Splenic artery diseases rarely result in digestive hemorrhage. Most of them are false splenic artery aneurysms (SAAs) caused by pancreatitis or pancreatic tumors [3,4,5,6,7]. SAAs can rupture into the stomach or the pancreatic duct and lead to gastric or duodenal hemorrhage [3,4,5,6,7]. The latter hemorrhage is also termed “hemosuccus pancreaticus” [4, 6, 7]. The diagnosis of hemosuccus pancreaticus remains challenging. It can be difficult to identify the bleeding site via endoscopy or digital subtraction angiography because of its rarity, anatomical location, and intermittent characteristics [4, 7]. Endoscopy was able to detect active bleeding via the papilla in only 30% of cases [7].

In this case, endoscopies failed to identify the bleeding site, and histopathological examination was not performed because of endovascular treatment. However, the authors believe that digestive hemorrhage was caused by rupture of SAD. The potential mechanism is considered to involve hemosuccus pancreaticus: SAD ruptured into the pancreatic tail, and the blood from the hematoma entered into the duodenum via the pancreatic duct. This is supported by several observations. First, the hematoma was completely within the pancreas.

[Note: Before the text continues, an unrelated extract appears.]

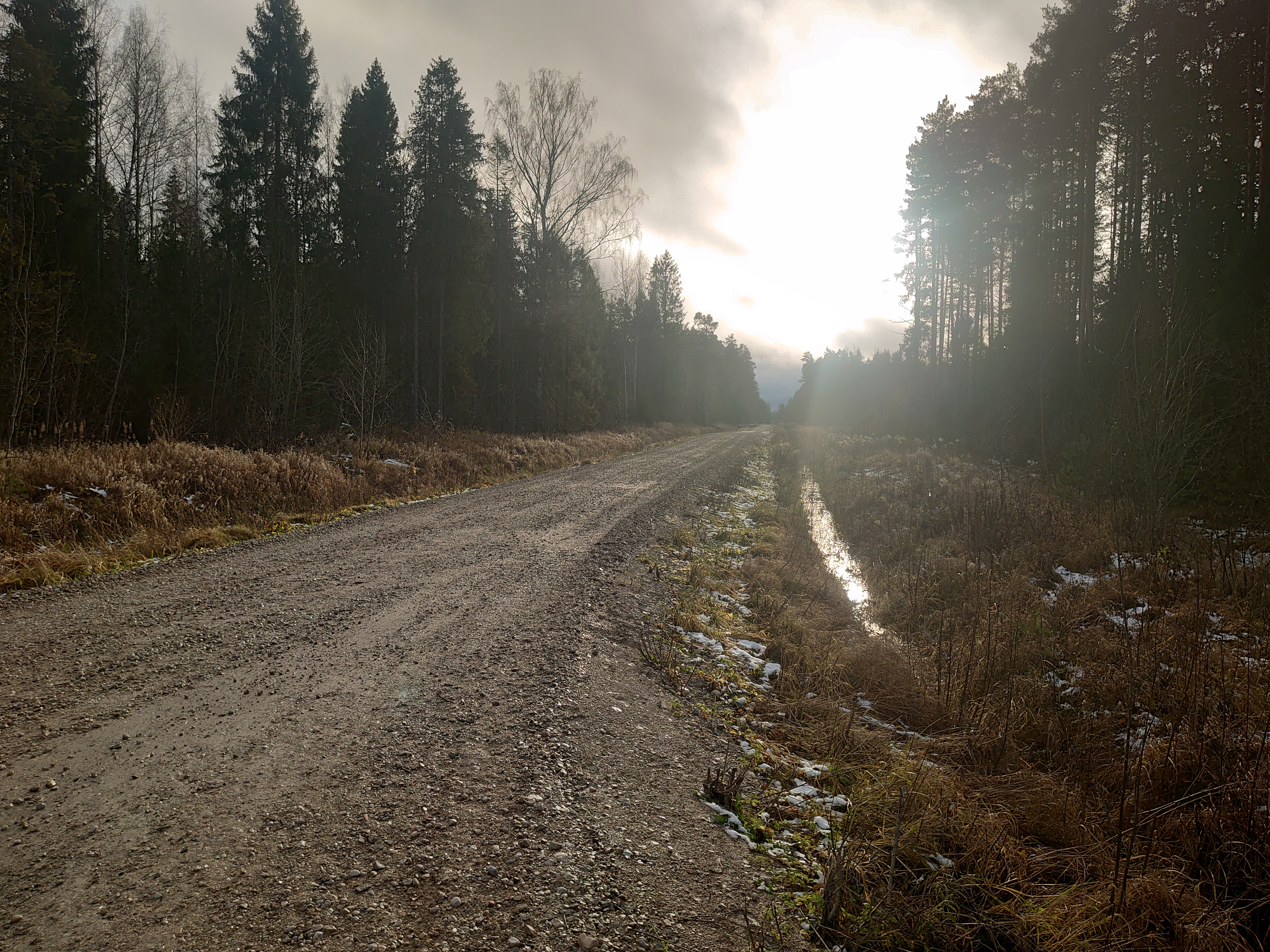 Täna oli suur osa purukruusast tee äärde kuni kraavinõlvadeni lükatud ja teed oli täidetud jämedama fraktsooniga, mis oli tee sisse sõidetud.

The site is similar to Yoshikazu’s cases [6]. The SAAs observed in their cases were treated by open surgery, and the communication between the aneurysm and the pancreatic duct was proven by histological examination. Second, hemosuccus pancreaticus is usually intermittent and repetitive [4, 7]. These characteristics were consistent with the present case. Third, primary gastrointestinal or pancreatic lesions were excluded via endoscopies (gastroduodenoscopy, colonoscopy, and capsule endoscopy) and radiological examination (digital subtraction angiography, repeated CT, and MR). SAD rupturing into the stomach was also excluded based on the symptoms (hematochezia rather than hematemesis), endoscopies, and the range of the lesion, which did not exceed the superior edge of the pancreas on CT and MR. Finally, digestive hemorrhage was cured after the use of endovascular coil embolization for SAD. The efficacy has been demonstrated by 1-year follow-up.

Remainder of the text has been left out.